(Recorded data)
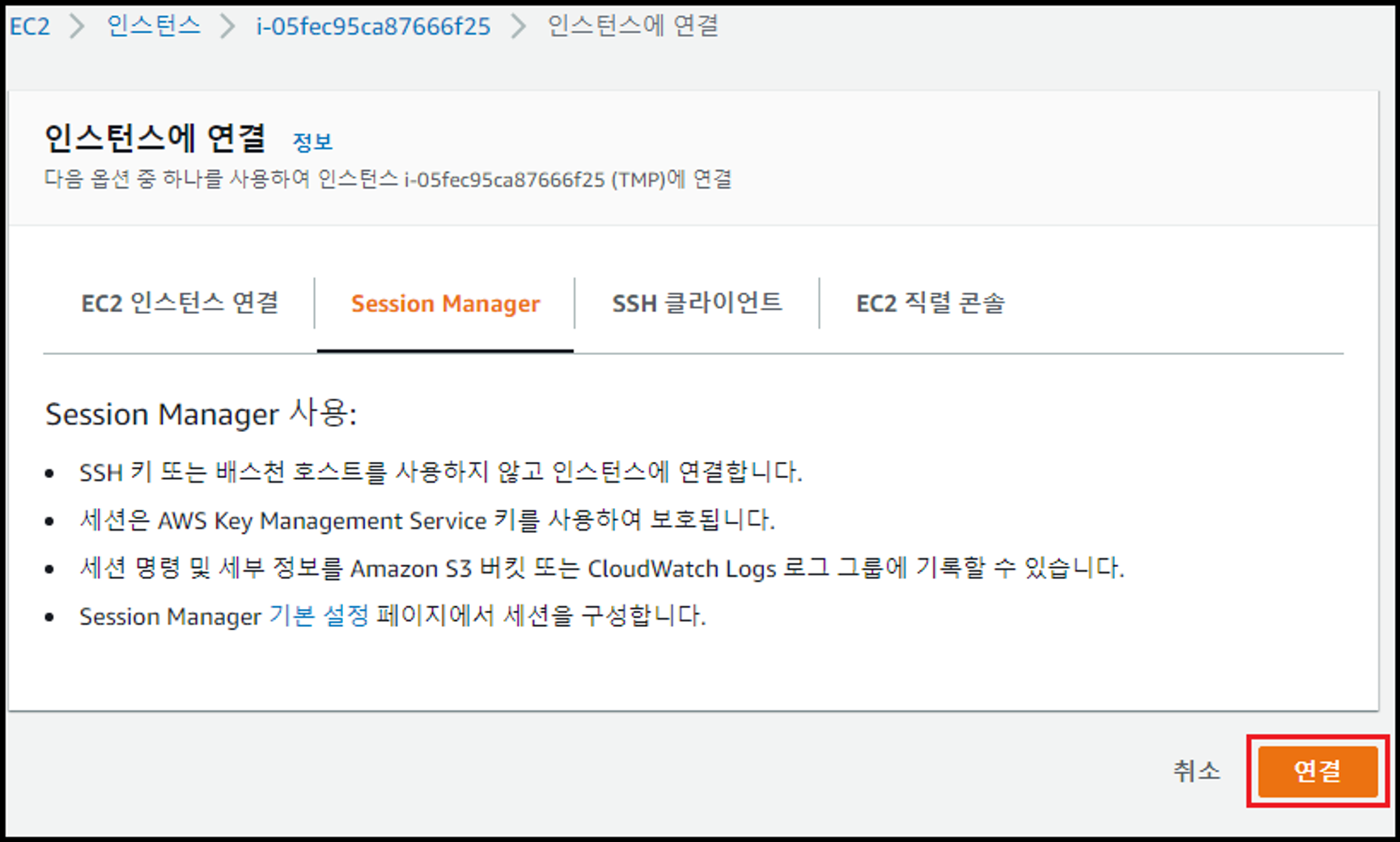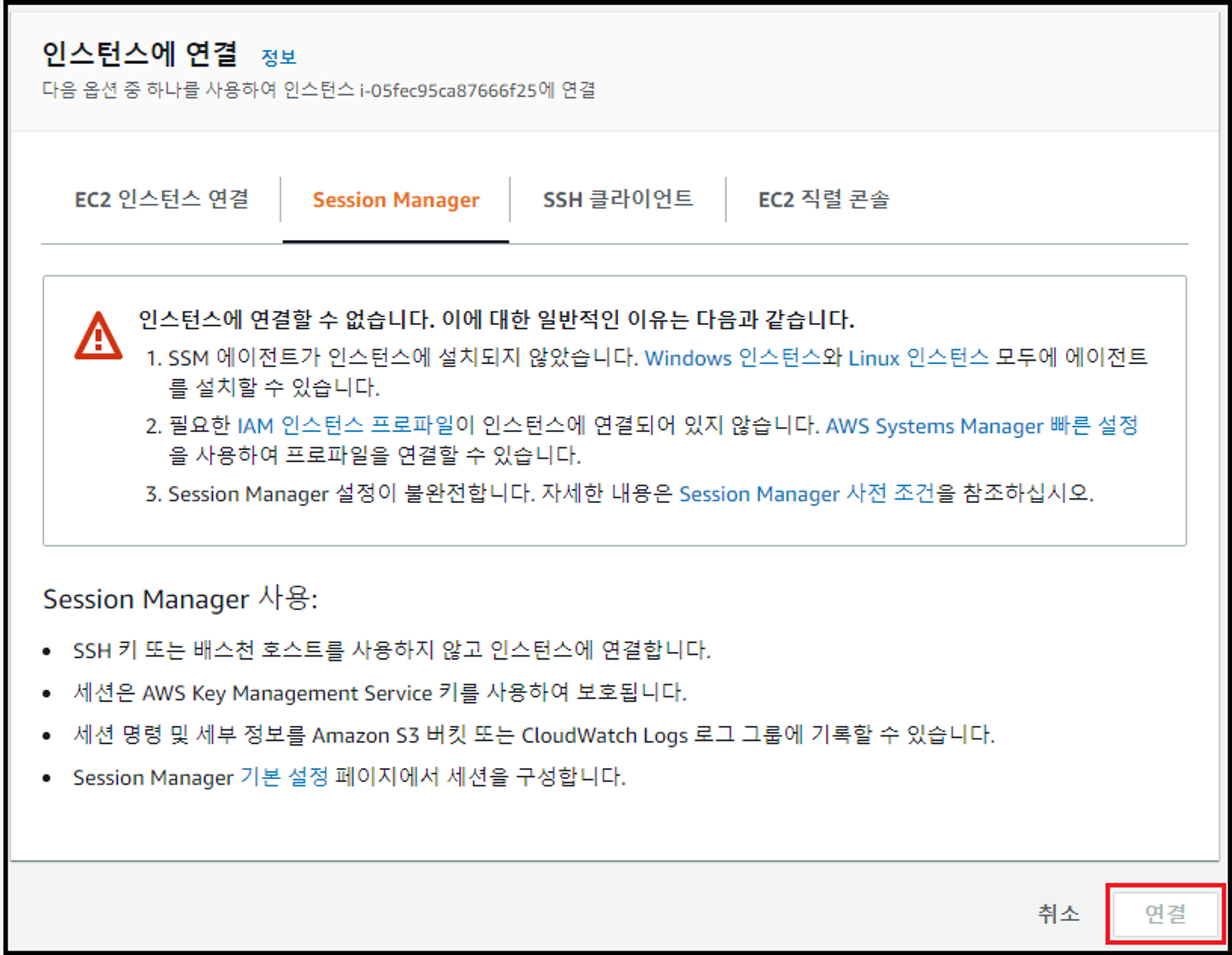 - [Session Manager] 탭의 [연결] 버튼 비활성화 여부 확인
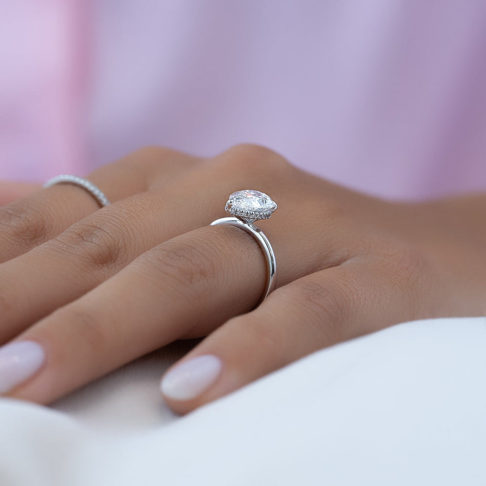 1.0-3.0 CT Pear Lab Grown Diamond Hidden Halo Engagement Ring
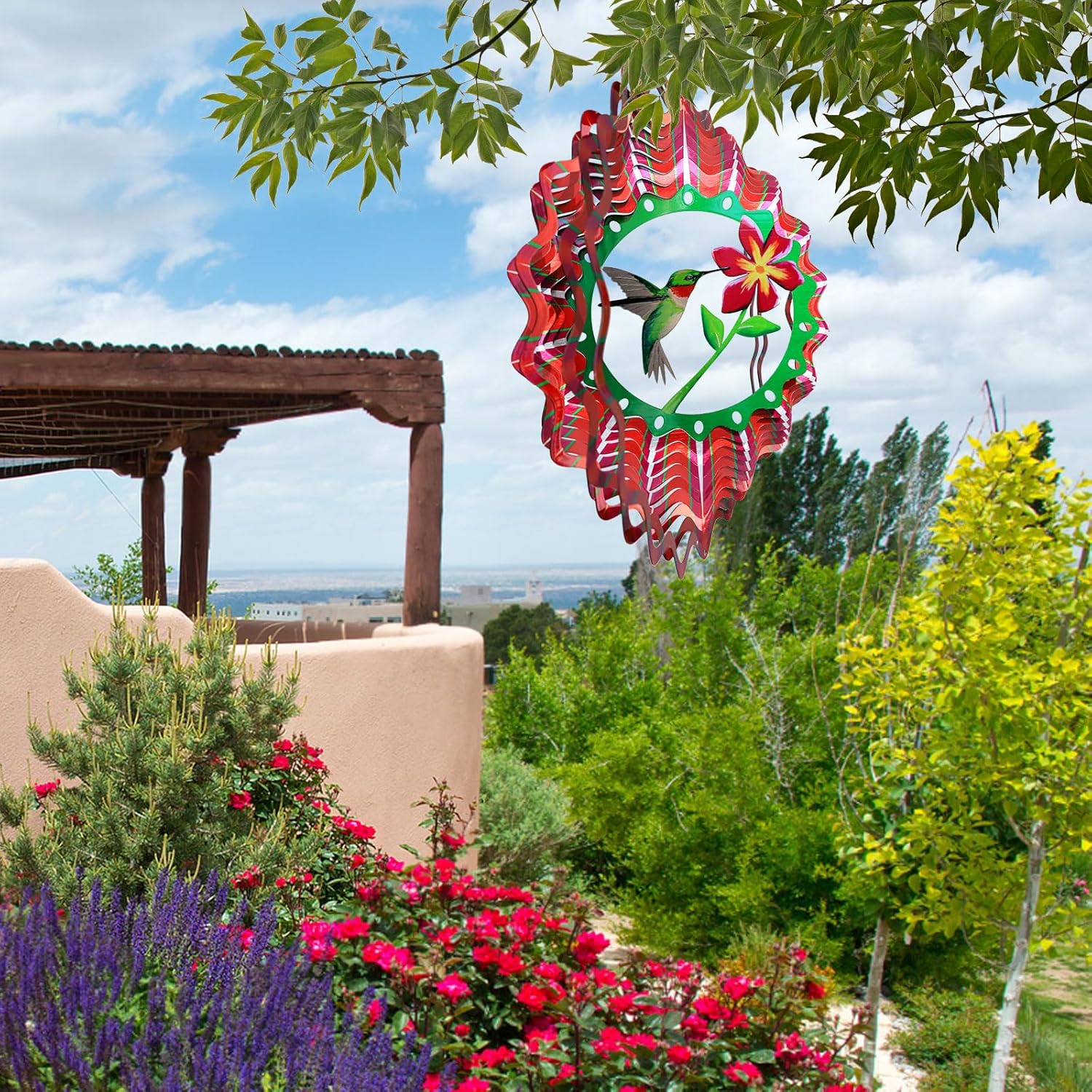- 【3D Hummingbird Wind Spinner】The bird wind spinner showcases a breathtaking 3D hummingbird design. As it catches the sunlight, it imparts vivid colors and lively movement, creating a captivating display that offers both a delightful visual experience and a sense of wonder. This humming bird wind spinner is sure to enhance the charm of your garden or patio.
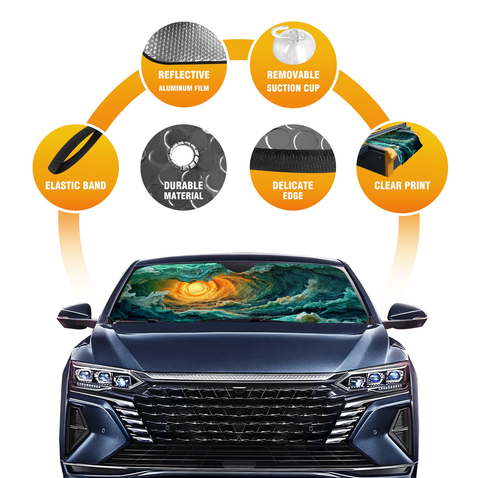 Diameter /Size 63"L x 33.5"W</b><br> Made from excellent materials which makes it sturdy and protects the car from the sun. Easy to use and pack. Makes the interior of the car cooler.You can easily stash the sunshade in the storage bag or store long term.It open and closes easy. Also the leather storage bag is durable and easy to put the umbrella back into.This windshield sunshade provides complete coverage and keeps your car interior cool under direct sun. It is easy to open and position under the windshield and around the rear-view mirror. Makes Your Car Easy To Identify, Perfect For Finding Your Car In Crowded Parking Lots And Garages.Great Choice: It Is A Great Gift For Dad, Boyfriend, Brother, Brother And Uncle, Friends, Classmates, Family And So On.<br> Notice:</b><br> Due To Difference Computer Monitors, The Color Maybe Slightly Different From Picture. As Different Measurement Methods, Measurement Data Will Float Within 2%.I Hope You Understand.<br> If You Have Any Question About The Item Please Do Not Hesitate To Contact Us Immediately And We Will Give You A Satisfactory Reply Within 24 Hours.
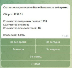 1. Telegram-бот @nanobananos_bot — флагманский бот, приносящий основную прибыль. В нем можно генерировать картинки и там же делать с ними видео. Вот данные по нему: в базе данных 52 000+ человек, из них 13 600 пользовались ботом и делали генерации (26%), 538 человек делали покупки (1,03%).

▶ _What to do_: Once the line holding "- 【3D Hummingbird" is found, set down that line and every line after it, exactly, through the last line of the records above, omitting pictures.

▶ _Answer space_:
- 【3D Hummingbird Wind Spinner】The bird wind spinner showcases a breathtaking 3D hummingbird design. As it catches the sunlight, it imparts vivid colors and lively movement, creating a captivating display that offers both a delightful visual experience and a sense of wonder. This humming bird wind spinner is sure to enhance the charm of your garden or patio.
 Diameter /Size 63"L x 33.5"W</b><br> Made from excellent materials which makes it sturdy and protects the car from the sun. Easy to use and pack. Makes the interior of the car cooler.You can easily stash the sunshade in the storage bag or store long term.It open and closes easy. Also the leather storage bag is durable and easy to put the umbrella back into.This windshield sunshade provides complete coverage and keeps your car interior cool under direct sun. It is easy to open and position under the windshield and around the rear-view mirror. Makes Your Car Easy To Identify, Perfect For Finding Your Car In Crowded Parking Lots And Garages.Great Choice: It Is A Great Gift For Dad, Boyfriend, Brother, Brother And Uncle, Friends, Classmates, Family And So On.<br> Notice:</b><br> Due To Difference Computer Monitors, The Color Maybe Slightly Different From Picture. As Different Measurement Methods, Measurement Data Will Float Within 2%.I Hope You Understand.<br> If You Have Any Question About The Item Please Do Not Hesitate To Contact Us Immediately And We Will Give You A Satisfactory Reply Within 24 Hours.
 1. Telegram-бот @nanobananos_bot — флагманский бот, приносящий основную прибыль. В нем можно генерировать картинки и там же делать с ними видео. Вот данные по нему: в базе данных 52 000+ человек, из них 13 600 пользовались ботом и делали генерации (26%), 538 человек делали покупки (1,03%).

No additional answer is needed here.